Below is a listing; retype exactly the line with "DJ Marshmello - no" and every line after it through the end, and only those, leaving out the pictures.

**Dataset content**
┏━━

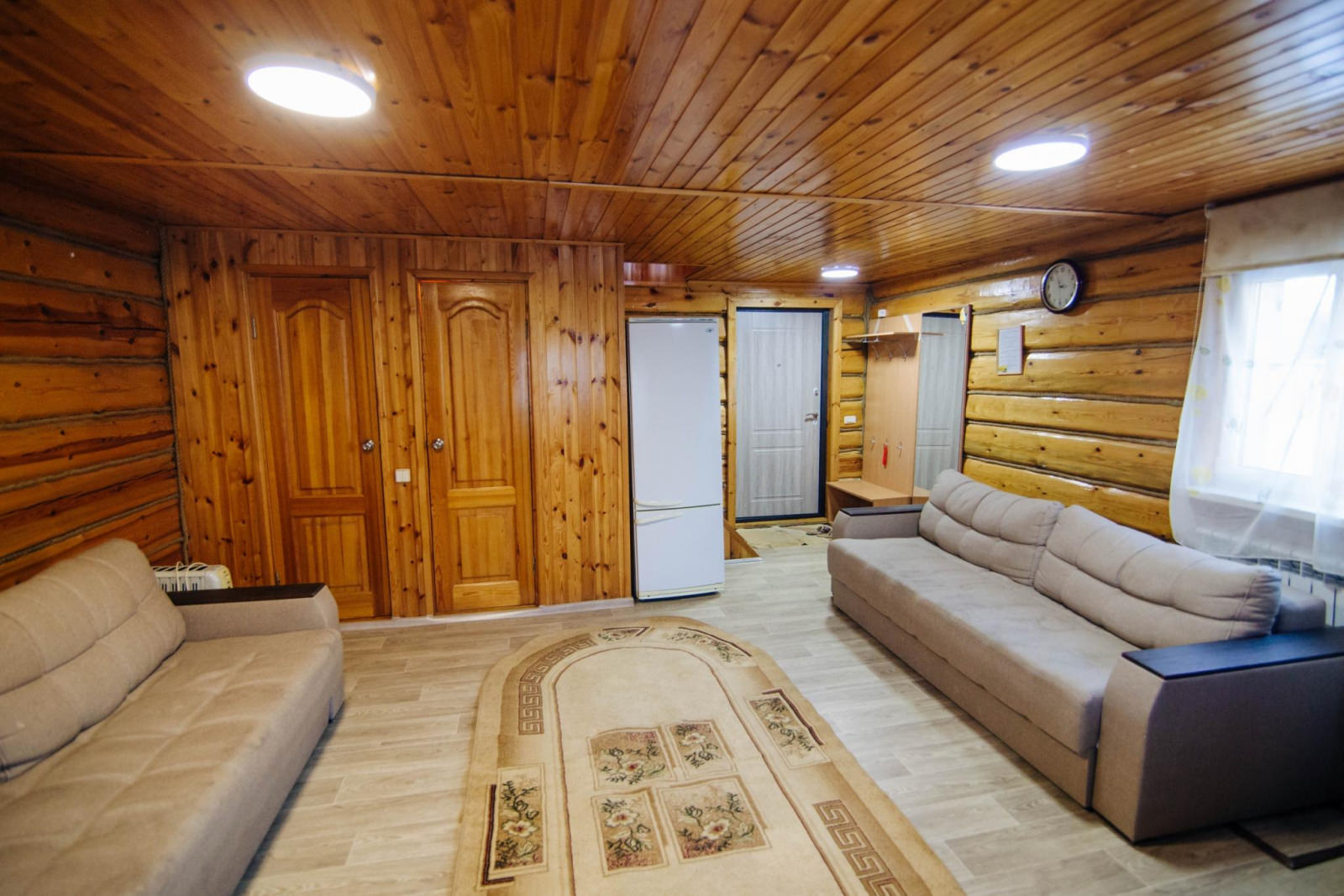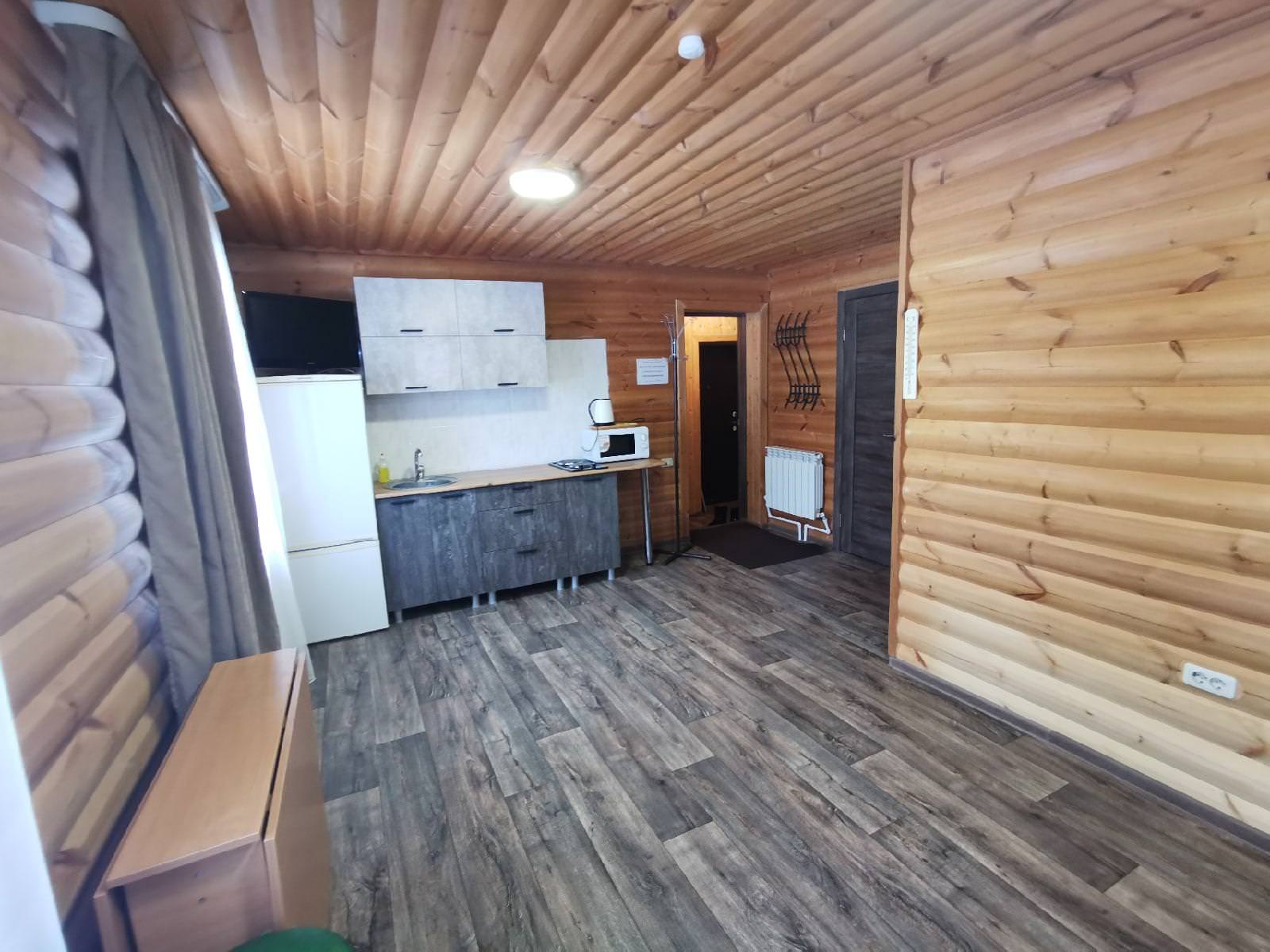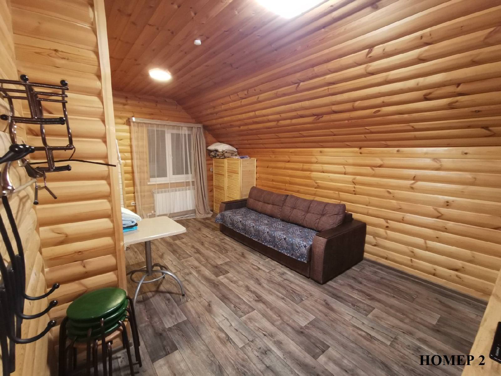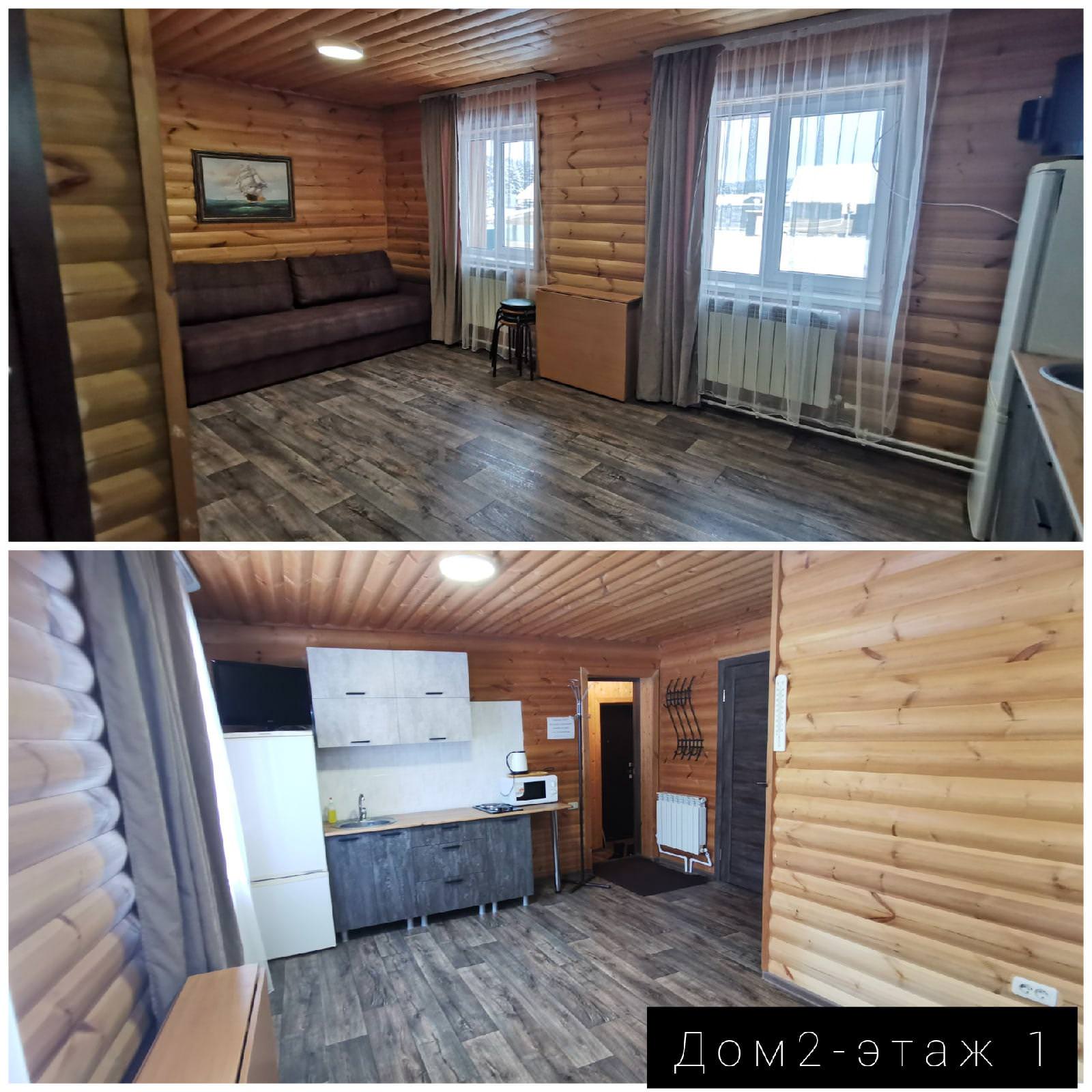 Коттедж для компании, 2-х этажный дом, рассчитанный на 8-10 спальных мест. На первом этаже располагается большая гостиная и кухонная зона, укомплектованная всем необходимым. Раздельный санузел. Также есть спутниковое телевидение от Триколор и Wi-Fi на территории. На втором этаже — 4 кровати односпальные и 1 кровать двуспальная.
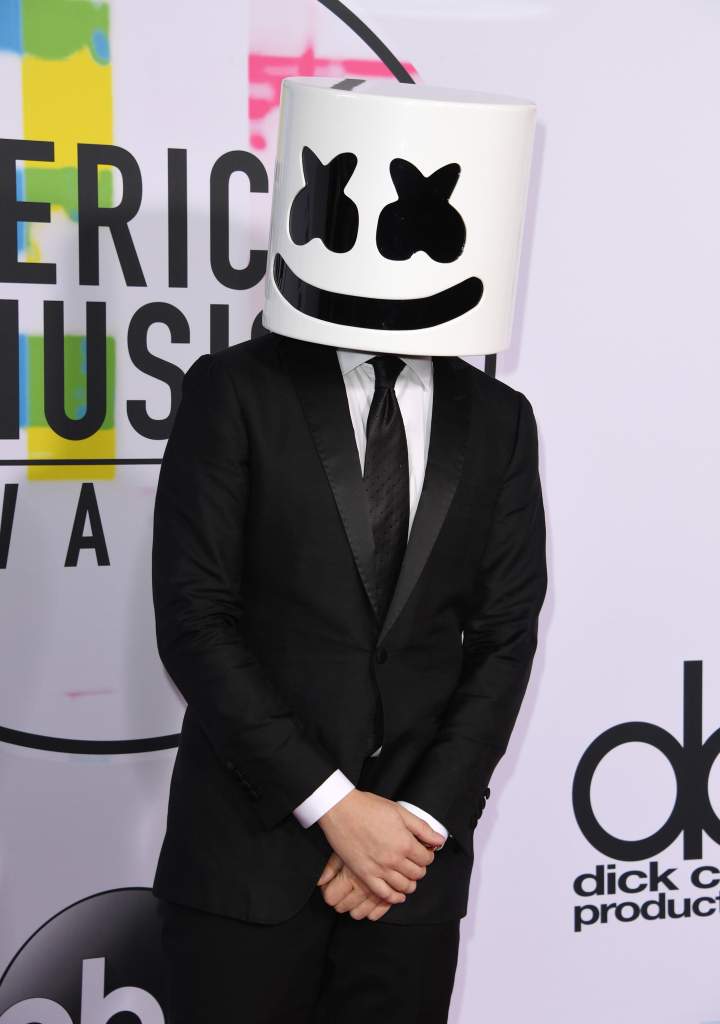 DJ Marshmello - no sabíamos si ponerlo en los mejores looks porque no es por nada el traje está lindo pero a quién se le ocurre ponerse un balde en la cabeza para ir a una alfombra.
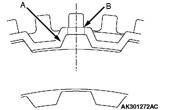 2. Install the clutch reaction plate in the direction shown. Install it the same as the clutch plates, so that the areas with no teeth (marked "A") are aligned with the retainer (marked "B").

┗━━

**Written solution**
 DJ Marshmello - no sabíamos si ponerlo en los mejores looks porque no es por nada el traje está lindo pero a quién se le ocurre ponerse un balde en la cabeza para ir a una alfombra.
 2. Install the clutch reaction plate in the direction shown. Install it the same as the clutch plates, so that the areas with no teeth (marked "A") are aligned with the retainer (marked "B").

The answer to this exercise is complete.